=== Raw data ===

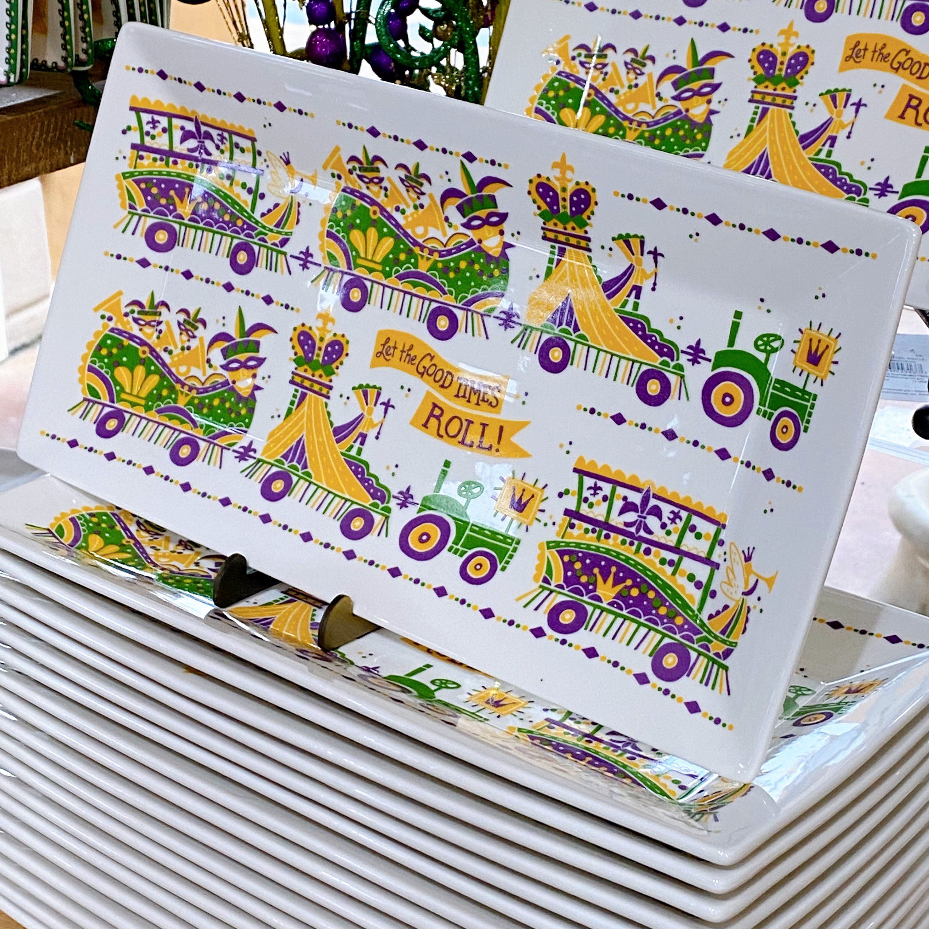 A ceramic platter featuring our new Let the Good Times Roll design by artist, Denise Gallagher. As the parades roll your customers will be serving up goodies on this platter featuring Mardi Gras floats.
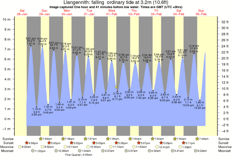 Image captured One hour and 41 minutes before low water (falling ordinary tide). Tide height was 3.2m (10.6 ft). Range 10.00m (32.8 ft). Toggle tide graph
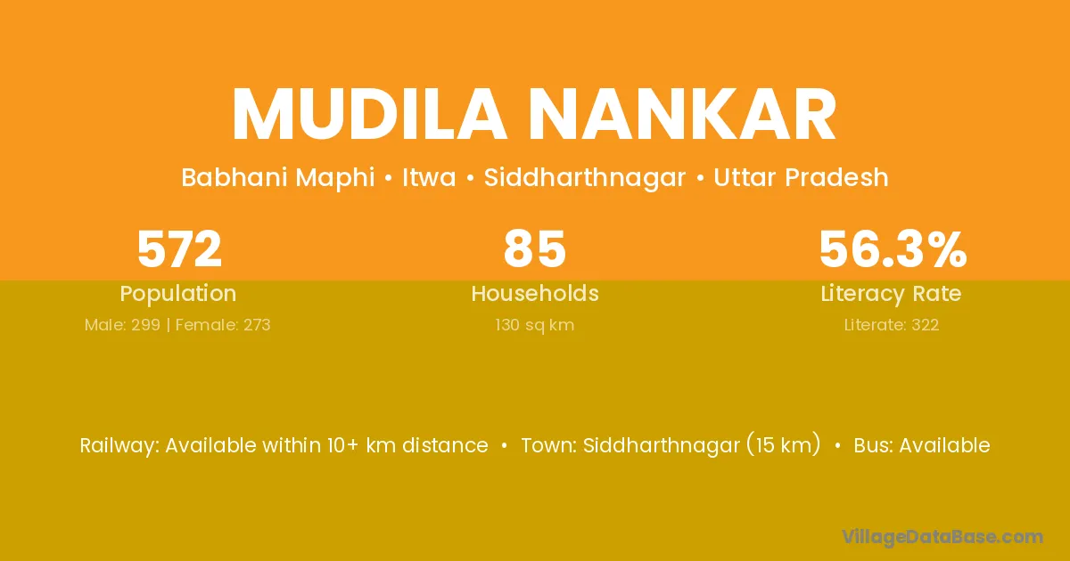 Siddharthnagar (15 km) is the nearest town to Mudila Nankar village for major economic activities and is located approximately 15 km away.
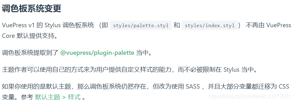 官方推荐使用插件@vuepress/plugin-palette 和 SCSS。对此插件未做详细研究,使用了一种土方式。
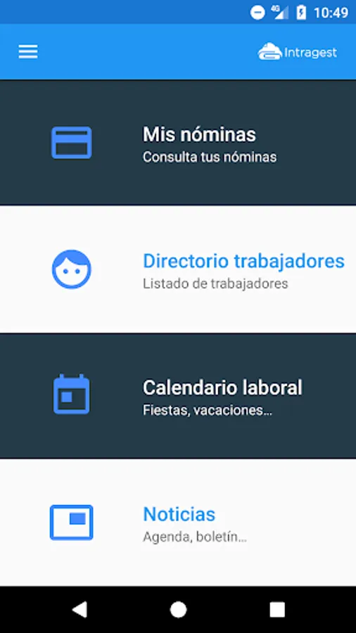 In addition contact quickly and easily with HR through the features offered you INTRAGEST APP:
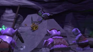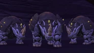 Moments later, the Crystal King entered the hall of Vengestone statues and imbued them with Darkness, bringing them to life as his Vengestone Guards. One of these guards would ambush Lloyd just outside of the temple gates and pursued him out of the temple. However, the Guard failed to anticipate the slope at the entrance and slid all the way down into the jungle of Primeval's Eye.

===

- **Your instructions**
Restate the records above word for word. Skip every picture.

- **Response below**
 A ceramic platter featuring our new Let the Good Times Roll design by artist, Denise Gallagher. As the parades roll your customers will be serving up goodies on this platter featuring Mardi Gras floats.
 Image captured One hour and 41 minutes before low water (falling ordinary tide). Tide height was 3.2m (10.6 ft). Range 10.00m (32.8 ft). Toggle tide graph
 Siddharthnagar (15 km) is the nearest town to Mudila Nankar village for major economic activities and is located approximately 15 km away.
 官方推荐使用插件@vuepress/plugin-palette 和 SCSS。对此插件未做详细研究,使用了一种土方式。
 In addition contact quickly and easily with HR through the features offered you INTRAGEST APP:
 Moments later, the Crystal King entered the hall of Vengestone statues and imbued them with Darkness, bringing them to life as his Vengestone Guards. One of these guards would ambush Lloyd just outside of the temple gates and pursued him out of the temple. However, the Guard failed to anticipate the slope at the entrance and slid all the way down into the jungle of Primeval's Eye.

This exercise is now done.